The compromise effect means that consumers are more inclined to choose an option with medium attributes when facing multiple options with multiple attributes. Busyness has become an important and common feature and psychological state of individuals in the contemporary society. Balenciaga, Audi and other high-end brands take busyness as the theme of advertising, trying to arouse consumers’ subjective busyness to affect their consumption behavior. However, previous literature focuses on the objective aspect of busyness — the impact of the lack of time resources on consumption decisions, and pays more attention to the negative effect of busyness, such as the lack of self-control. This paper takes decision-making confidence as an explanation mechanism to explore the impact of consumers’ subjective busyness not caused by time constraints or forced tasks on their preference for compromise option.
Six experiments were conducted to verify the hypothesis. Experiment 1 was to examine the effect of subjective busyness on compromise preference and the mediating effect of decision-making confidence. Experiments 2 and 3 respectively tested whether the main effect is significant for products unfamiliar to consumers and in the brand context. Experiment 4 tested the moderating effect of construal level for “busyness”. Experiments 5 and 6 tested whether the main effect, mediating effect and moderating effect were still significant in the hedonic situation. Manipulation methods and scales in the authoritative literature and empirical methods were used in all the experiments to verify the hypothesis.
The results show that subjective busyness can enhance consumers’ self-importance perception, self-worth perception and ability perception, enhance their decision-making confidence, and then make them less likely to make compromise choices. The construal level for “busyness” plays a moderating role. Consumers with a high construal level will abstract “busyness” as high self-worth, while consumers with a low construal level will concrete “busyness” as “need to do a lot of things”. Therefore, subjective busyness has no effect on the latter’s decision-making confidence, and does not affect their preference for compromise option.

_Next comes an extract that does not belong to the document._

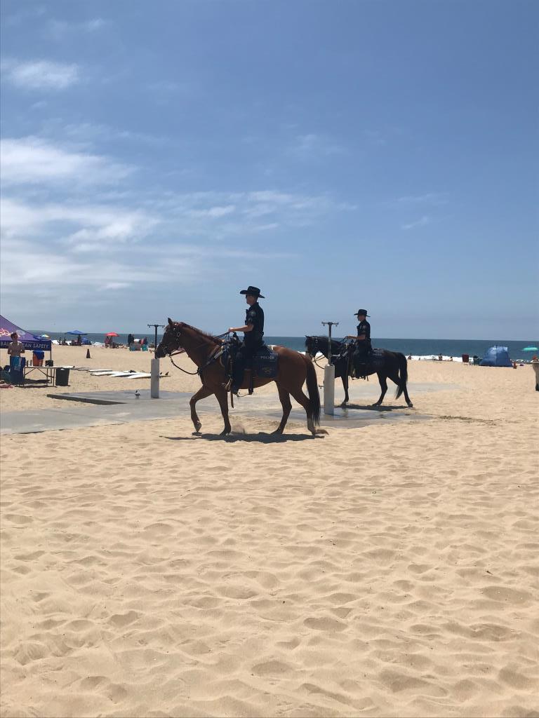 Our horses offer increased visibility (both for the public to see our officers, and for officers to see their surroundings from a higher vantage point). Mounted officers are much more effective in crowd control situations than a police officer on foot. Horses can also maneuver more easily than vehicles, and can travel across different types of terrain (such as sand, concrete, asphalt, stairs, and even the piers) without the officer having to dismount.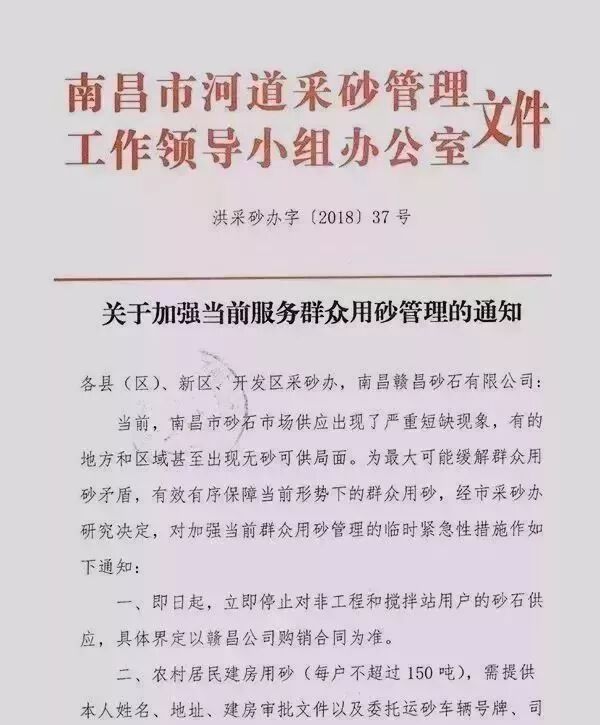 南昌市砂石市场供应出现了严重短缺现象,有的地方和区域甚至出现无砂可供局面。为最大可能缓解群众用砂矛盾,有效有序保障当前形势下的群众用砂,经南昌市采砂办研究决定:

The main contributions of this paper are as follows: First, it enriches the application research of busyness in the marketing field. Previous studies focus on the impact of the objective factor of busyness on consumption decisions, and pay more attention to the negative effect of busyness; while this paper focuses on subjective busyness, provides a reference for exploring the positive effect of busyness in addition to improving decision-making confidence, and provides a theoretical explanation for the marketing phenomenon of busyness. Second, it provides a new perspective and mediating mechanism for the relationship between busyness and the compromise effect. Previous studies, based on the perspective of cognitive resources, suggest that the objective aspect of busyness reduces consumers’ preference for compromise option; while this paper takes consumers’ decision-making confidence as an explanation mechanism to explore the weakening effect of the subjective aspect of busyness on the compromise effect. Third, it provides practical implications for middle-end/non-middle-end brands or enterprises to apply the busyness factor and compromise effect in product positioning, competitive landscape and other aspects.